:: Collected data ::
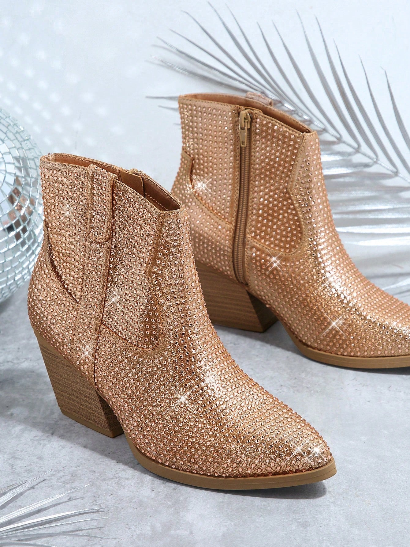 Sparkling Rhinestone Zipper Booties - Shine with Every Step
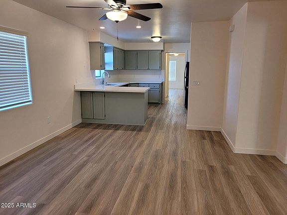 Spacious upstairs apartment in downtown Wickenburg. Unfurnished, upstairs apartment BEAUTIFULLY RENOVATED in downtown Wickenburg. 2 bedroom, 2 baths, plus flex room with laundry, including washer and dryer. Spacious open floor plan. Plank flooring, window coverings, refrigerator, stove, dishwasher, ceiling fans, and a spacious deck. Please ask LA how your clients can each get an application link to apply. $65 per application/per adult. Rate listed is for a 12 month lease. Pets on Landlord approval only. Landlord pays for water, sewer, and trash service.
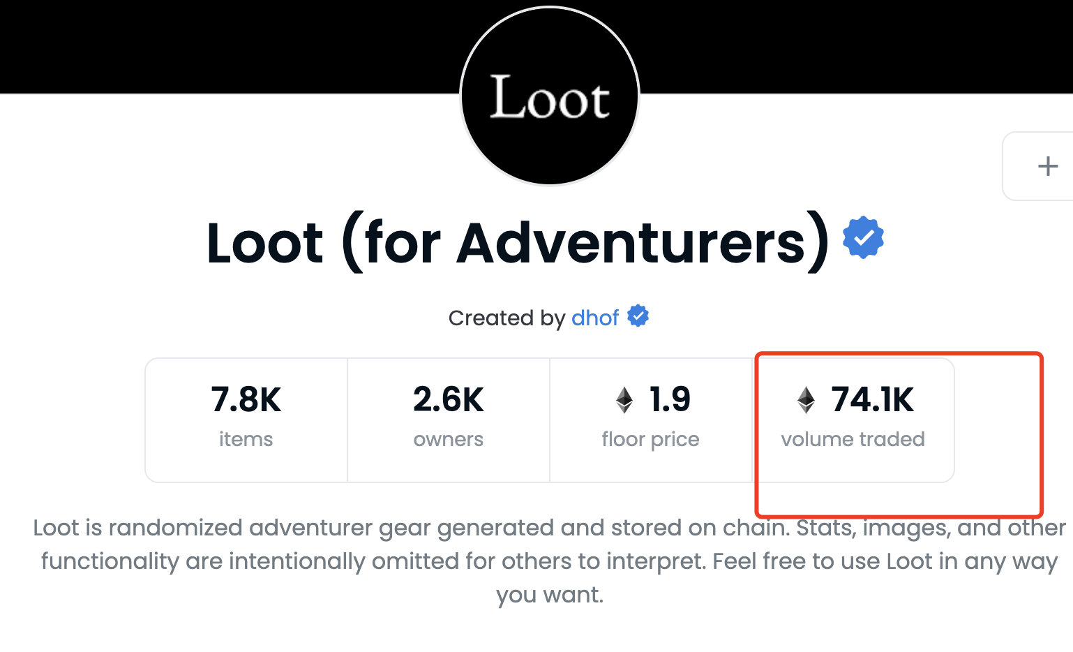 Loot 在 OpenSea 上的交易额有 74K ETH
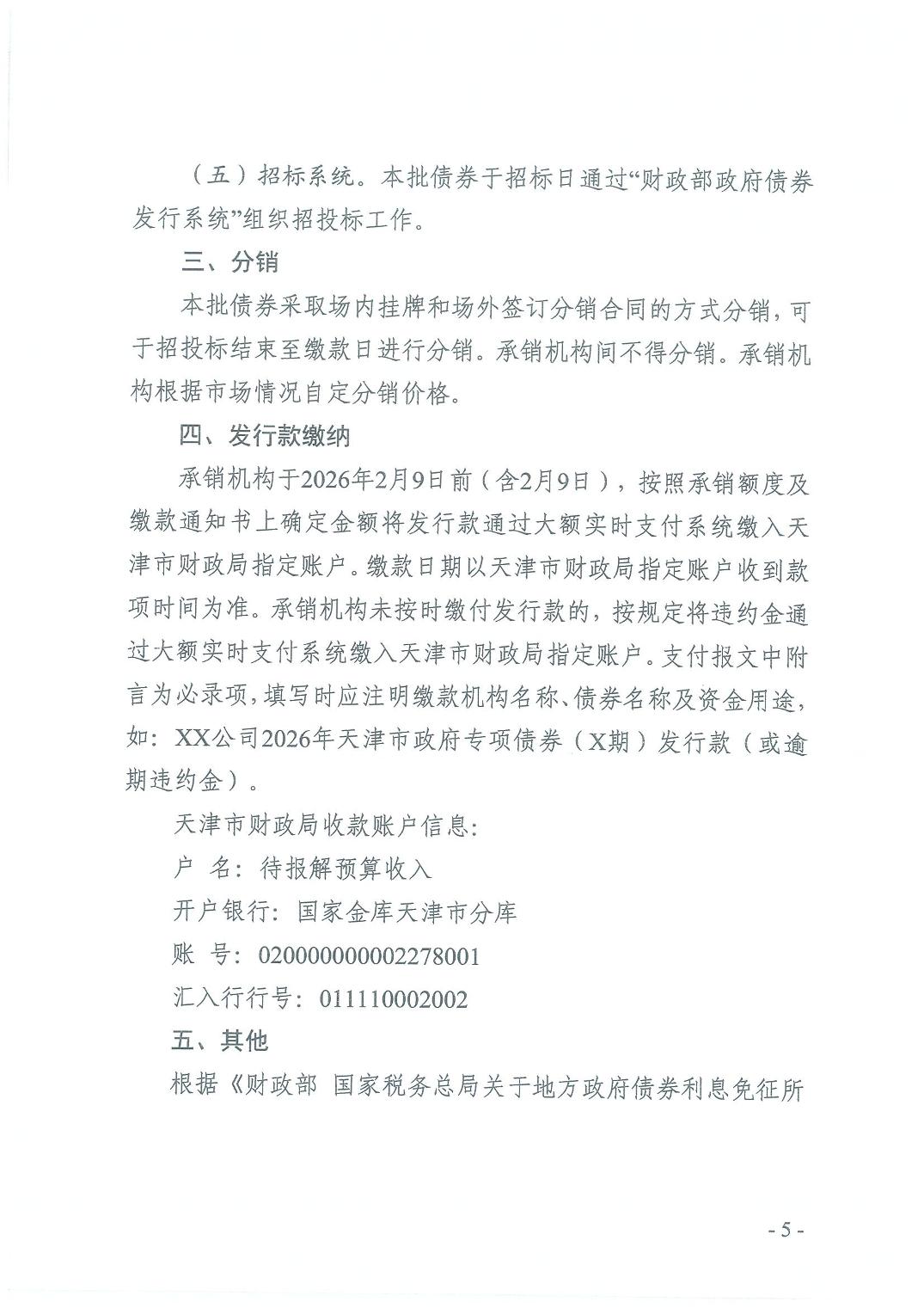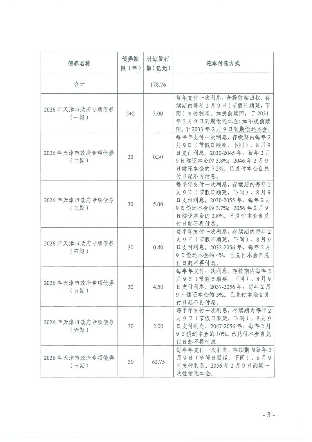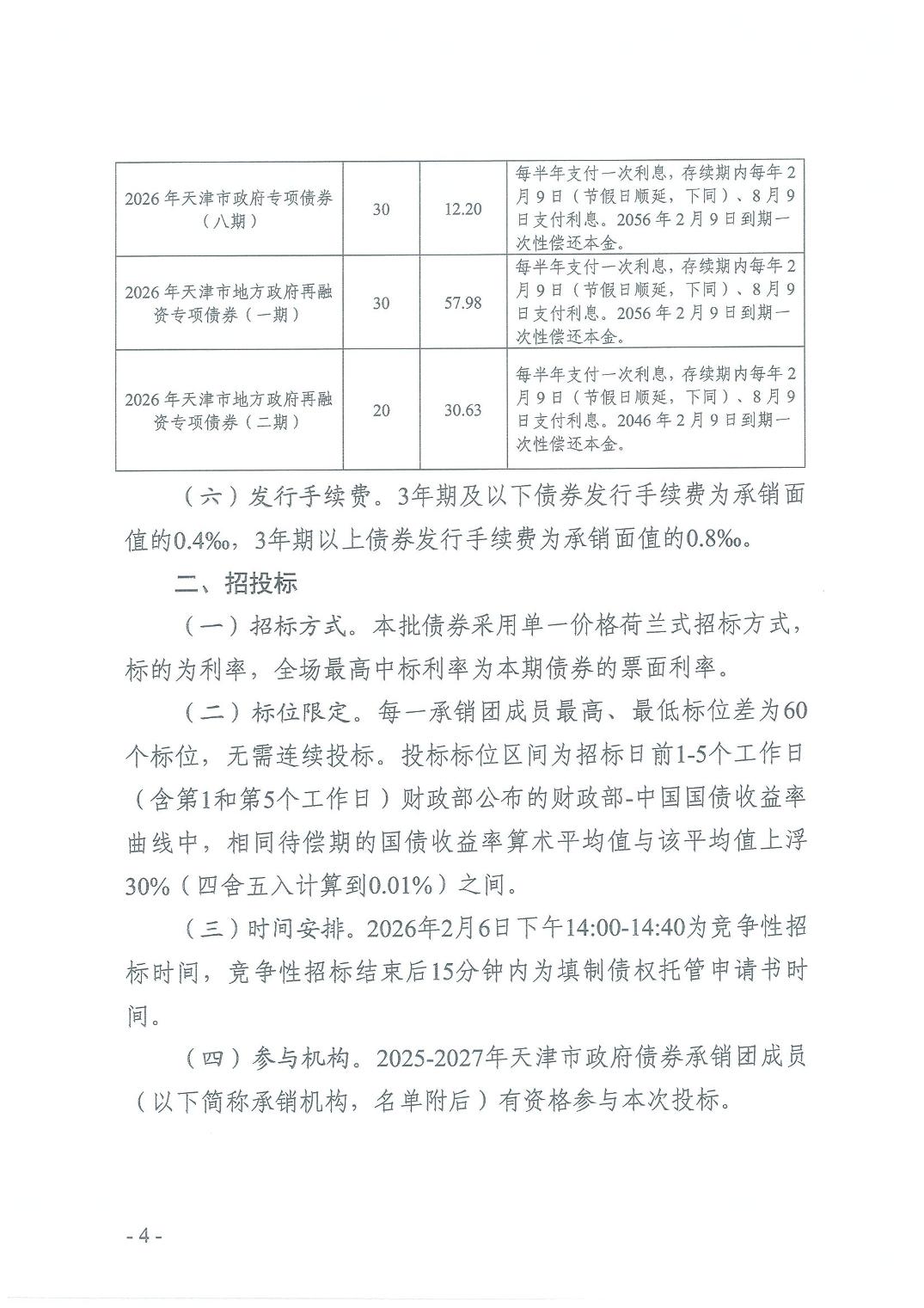 天津市财政局关于发行2026年第一批天津市政府债券有关事项的通知

:: What you are asked to do ::
Give back an exact copy of only the lines from the one with "Loot 在 OpenSea 上的交易额有 74K ETH" through the final line of the material, both included. Pictures do not belong in it.

:: Task solution ::
 Loot 在 OpenSea 上的交易额有 74K ETH
 天津市财政局关于发行2026年第一批天津市政府债券有关事项的通知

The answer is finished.